**Assignment**
The reply should hold every line of the listing exactly, and none of its images.

**Data provided**

********

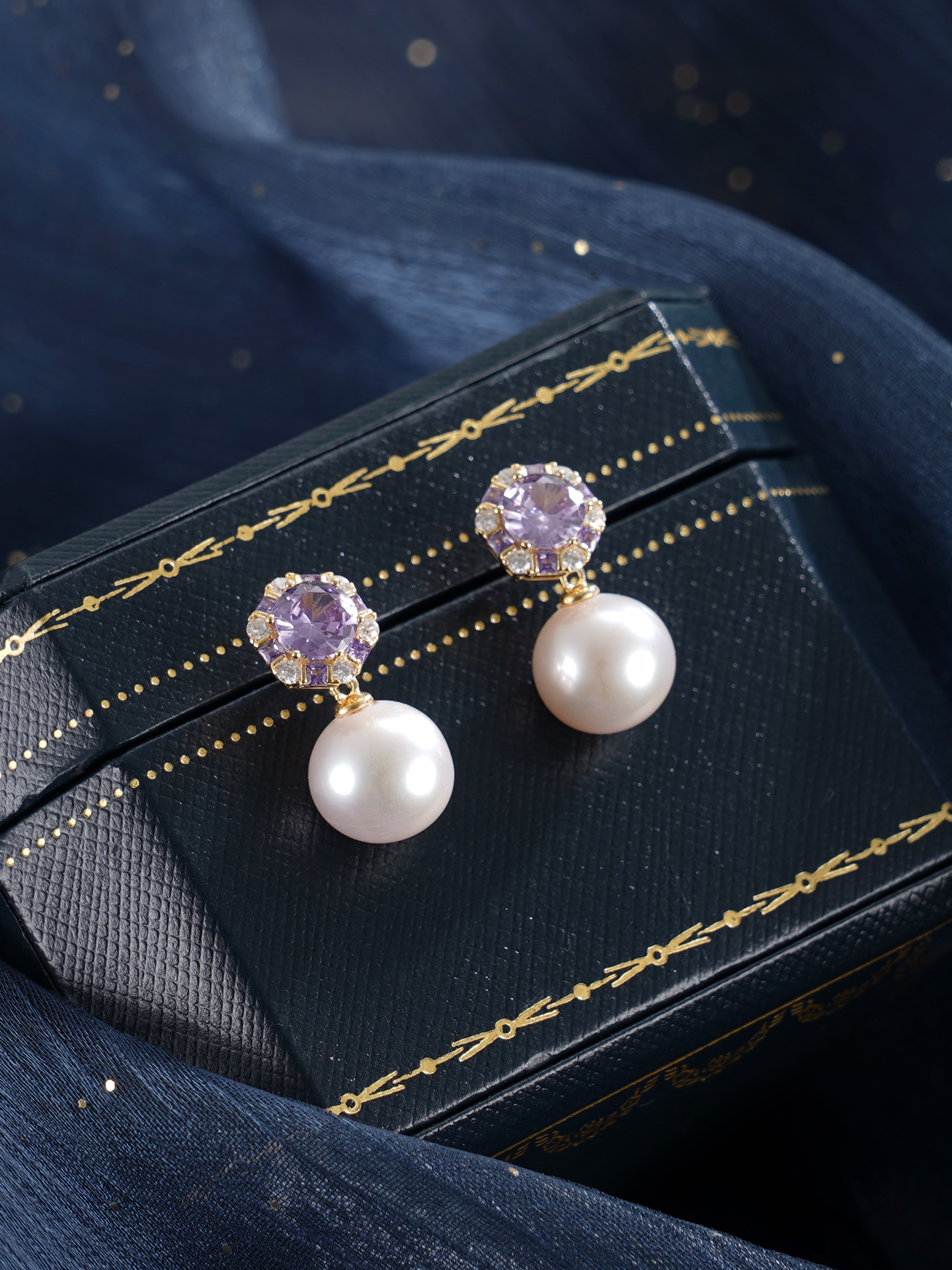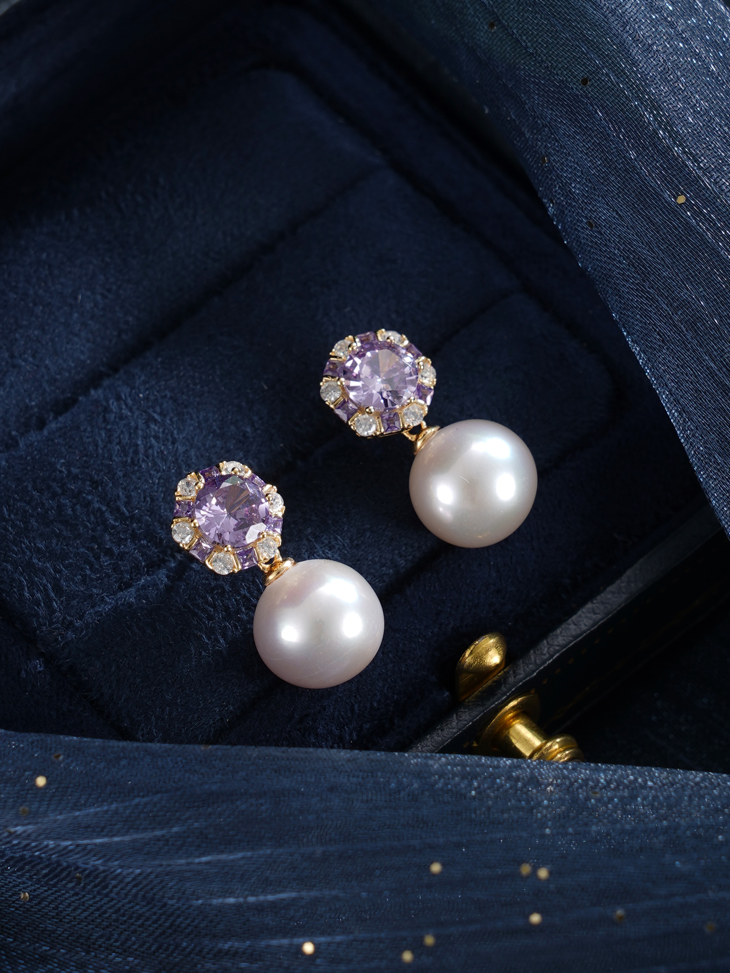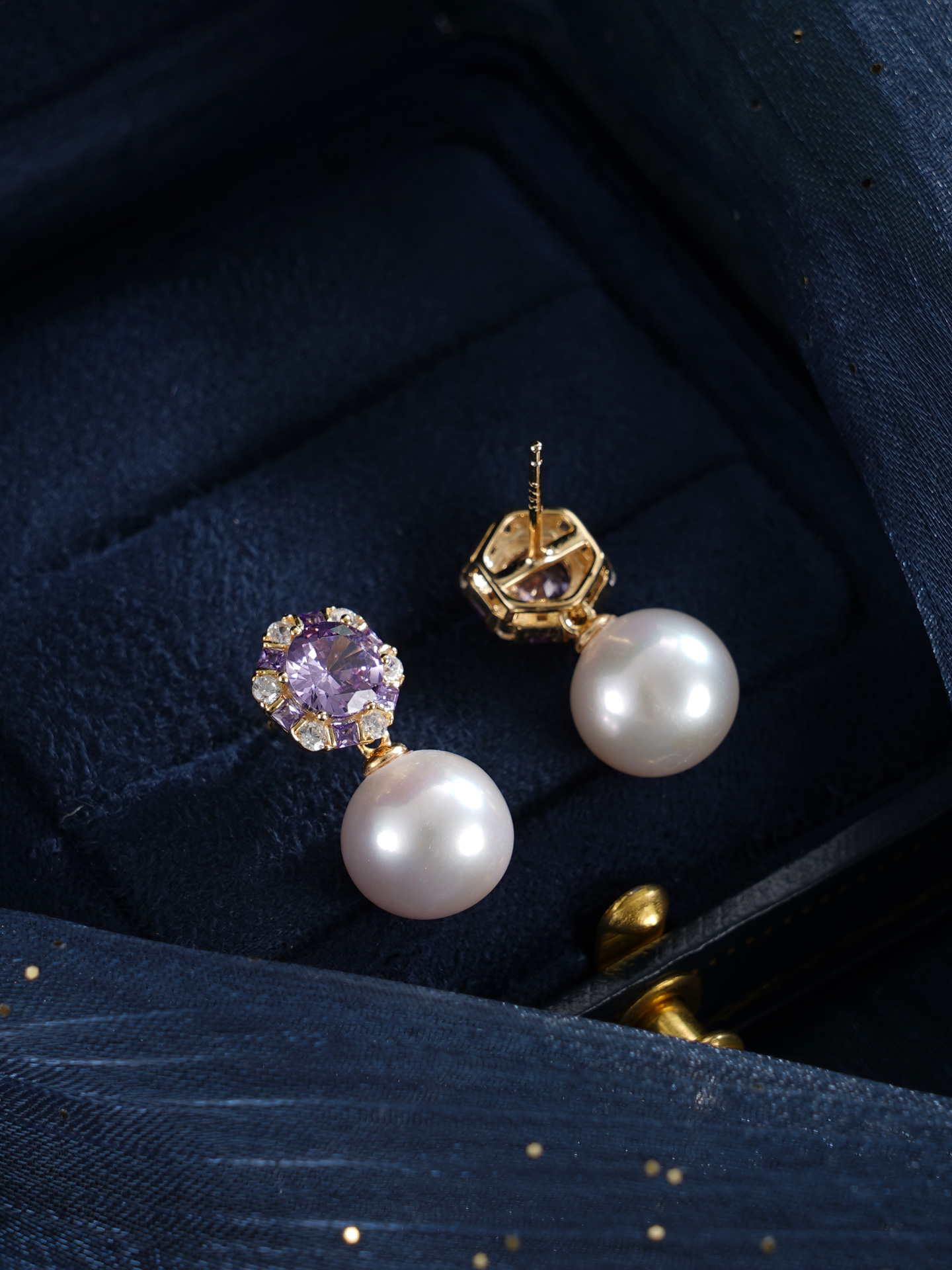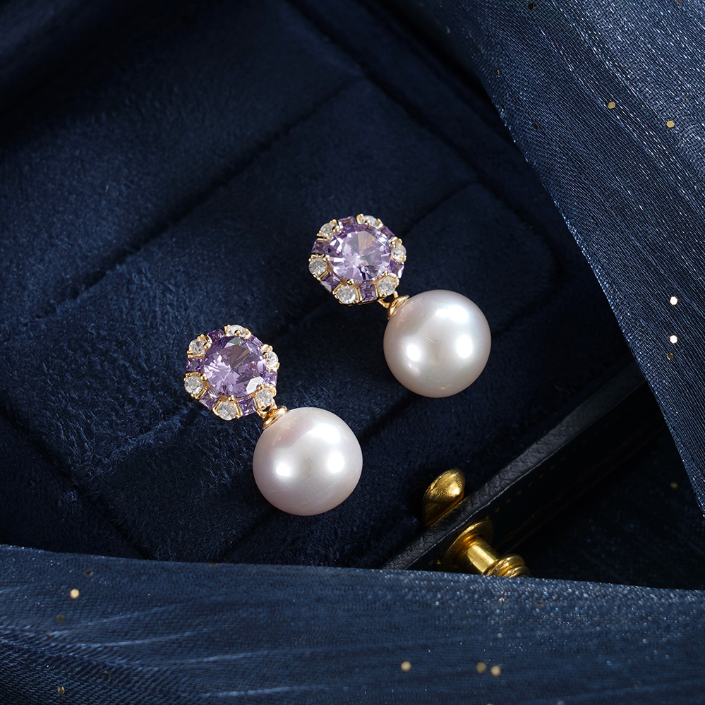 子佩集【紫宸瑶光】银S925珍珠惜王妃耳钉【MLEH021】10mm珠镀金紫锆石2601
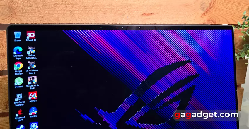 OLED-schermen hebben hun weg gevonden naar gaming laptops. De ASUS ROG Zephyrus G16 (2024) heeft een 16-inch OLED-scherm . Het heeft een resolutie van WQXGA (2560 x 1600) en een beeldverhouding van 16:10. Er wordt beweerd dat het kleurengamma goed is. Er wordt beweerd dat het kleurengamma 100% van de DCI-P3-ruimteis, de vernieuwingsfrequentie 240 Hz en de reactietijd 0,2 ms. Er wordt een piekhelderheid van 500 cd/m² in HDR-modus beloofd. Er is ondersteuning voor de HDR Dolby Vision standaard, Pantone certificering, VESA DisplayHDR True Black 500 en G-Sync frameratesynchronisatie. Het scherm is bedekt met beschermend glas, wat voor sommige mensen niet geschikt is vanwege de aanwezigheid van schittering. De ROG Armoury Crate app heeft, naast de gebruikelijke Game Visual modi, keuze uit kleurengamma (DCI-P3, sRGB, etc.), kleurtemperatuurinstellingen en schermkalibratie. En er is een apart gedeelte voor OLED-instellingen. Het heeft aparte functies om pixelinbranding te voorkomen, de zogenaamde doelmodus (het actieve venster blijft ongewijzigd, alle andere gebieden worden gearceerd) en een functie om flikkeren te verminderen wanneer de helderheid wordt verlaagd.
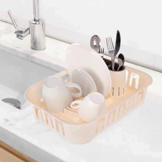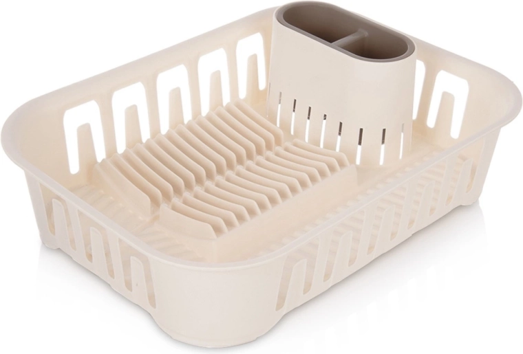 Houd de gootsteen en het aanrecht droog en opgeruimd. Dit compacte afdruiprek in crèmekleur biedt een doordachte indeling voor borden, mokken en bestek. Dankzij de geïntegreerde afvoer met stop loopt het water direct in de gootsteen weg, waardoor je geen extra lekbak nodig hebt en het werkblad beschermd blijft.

********

**Output below**
 子佩集【紫宸瑶光】银S925珍珠惜王妃耳钉【MLEH021】10mm珠镀金紫锆石2601
 OLED-schermen hebben hun weg gevonden naar gaming laptops. De ASUS ROG Zephyrus G16 (2024) heeft een 16-inch OLED-scherm . Het heeft een resolutie van WQXGA (2560 x 1600) en een beeldverhouding van 16:10. Er wordt beweerd dat het kleurengamma goed is. Er wordt beweerd dat het kleurengamma 100% van de DCI-P3-ruimteis, de vernieuwingsfrequentie 240 Hz en de reactietijd 0,2 ms. Er wordt een piekhelderheid van 500 cd/m² in HDR-modus beloofd. Er is ondersteuning voor de HDR Dolby Vision standaard, Pantone certificering, VESA DisplayHDR True Black 500 en G-Sync frameratesynchronisatie. Het scherm is bedekt met beschermend glas, wat voor sommige mensen niet geschikt is vanwege de aanwezigheid van schittering. De ROG Armoury Crate app heeft, naast de gebruikelijke Game Visual modi, keuze uit kleurengamma (DCI-P3, sRGB, etc.), kleurtemperatuurinstellingen en schermkalibratie. En er is een apart gedeelte voor OLED-instellingen. Het heeft aparte functies om pixelinbranding te voorkomen, de zogenaamde doelmodus (het actieve venster blijft ongewijzigd, alle andere gebieden worden gearceerd) en een functie om flikkeren te verminderen wanneer de helderheid wordt verlaagd.
 Houd de gootsteen en het aanrecht droog en opgeruimd. Dit compacte afdruiprek in crèmekleur biedt een doordachte indeling voor borden, mokken en bestek. Dankzij de geïntegreerde afvoer met stop loopt het water direct in de gootsteen weg, waardoor je geen extra lekbak nodig hebt en het werkblad beschermd blijft.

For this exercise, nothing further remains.